Whitepaper: Red Hat's New Journaling File System: ext3

January 1, 2010

Michael K. Johnson

In Red Hat Linux 7.2, Red Hat provides its first officially supported journaling file system: ext3. The ext3 file system is a set of incremental enhancements to the robust ext2 file system that provide several advantages. This paper summarizes some of those advantages (first in general terms and then more specifically), explains what Red Hat has done to test the ext3 file system, and (for advanced users only) touches on tuning.


Tuning suggestions

Choosing elevator settings
The ext3 file system acts a bit differently than the ext2 file system, and the differences can appear in various ways. Advanced users may choose to tune the file system and I/O system for performance. This is an introduction to some of the more common tuning that advanced users may wish to try. All tuning, of course, needs to be done in the context of performance testing of specific applications; there is no "one size fits all" approach to tuning. This is, however, intended to provide some generally useful information.

Most Linux block device drivers use a generic tunable "elevator" algorithm for scheduling block I/O. The /sbin/elvtune program can be used to trade off between throughput and latency. Given similar loads, the ext3 file system may require smaller latency numbers as provided to the /sbin/elvtune program in order to provide similar results to the ext2 file system.
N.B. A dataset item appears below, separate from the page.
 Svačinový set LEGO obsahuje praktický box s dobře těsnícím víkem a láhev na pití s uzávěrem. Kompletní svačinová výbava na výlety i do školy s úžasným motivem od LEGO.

In some cases, attempting to tune for maximum throughput at the expense of latency (in this case, large read latency (-r) and write latency (-w) numbers used with the /sbin/elvtune program) can actually decrease throughput while increasing latency. This effect is more pronounced with the ext3 file system for a variety of reasons.

  • With the ext2 file system, writes are scheduled every 30 seconds; with the ext3 file system, writes are scheduled every 5 seconds. This keeps journal transactions from having a noticeable impact on system throughput and also keeps data on disk more up-to-date.

  • The ext3 file system, by journaling all metadata changes, can magnify the effect of atime changes significantly. You can mount a file system with the noatime flag in order to disable atime updates. While this is not the only source of metadata updates, on many systems, particularly highly-accessed servers with lots of accessed files, atime updates can be responsible for the majority of metadata updates, and on these systems, turning off atime updates may noticeably reduce latency and increase throughput.

In order to tune for our default file system choice of ext3, Red Hat has reduced the default read and write latency numbers to half of the default values (from 8192 read, 16384 write to 4096 read, 8192 write). We expect that in general use, you will not have to change these numbers; we hope we have already done this for you. Our changed default values have produced good results in our tests. However, in order to tune for specific applications, we suggest benchmarking your applications with a variety of values, testing interactive response during some runs if interactive response is important to you. In general, we recommend that you set read latency (-r) to half of write latency (-w).

For example, you might run: /sbin/elvtune -r 1024 -w 2048 /dev/sdd to change the elevator settings for the device /dev/sdd (including all the partitions on /dev/sdd). Changes to the elevator settings for a partition will apply to the elevator for the device the partition is on; all partitions on a device share the same elevator.

Once you have found elvtune settings that give you your most satisfactory mix of latency and throughput for your application set, you can add the calls to the /sbin/elvtune program to the end of your /etc/rc.d/rc.local script so that they are set again to your chosen values at every boot.

Choosing journaling mode

There are some characteristic loads that show very significant speed improvement with the data=writeback option, which provides lower data consistency guarantees. In those cases, the data consistency guarantees are essentially the same as the ext2 file system; the difference is that the file system integrity is maintained continuously during normal operation (this is the journaling mode used by most other journaling file systems). One of these cases involves heavy syncronous writes. Other cases involve creating and deleting large numbers of small files heavily, such as delivering a very large flow of small email messages. If you switch from ext2 to ext3 and find that your application performance drops substantially, the data=writeback option is likely to give you a significant amount of performance back; you will still have some of the availability benefits of ext3 (file system is always consistent) even if you do not have the more expensive data consistency guarantees.

Red Hat is continuing to work on several performance enhancements to ext3, so you can expect several of these cases to improve in the future. This means that if you choose data=writeback now, you may want to retest the default data=ordered with future releases to see what changes have been made relative to your workload.

Data integrity
In most cases, users write data by extending off the end of a file. Only in a few cases (such as databases) do users ever write into the middle of an existing file. Even overwriting an existing file is done by first truncating the file and then extending it again.

If the system crashes during such an extend in data=ordered mode, then the data blocks may have been partially written, but the extend will not have been, so the incompletely-written data blocks will not be part of any file.

The only way to get mis-ordered data blocks in data=ordered mode after a crash is if a program was overwriting in the middle of an existing file at the time of the crash. In such a case there is no absolute guarantee about write ordering unless the program uses fsync() or O_SYNC to force writes in a particular order.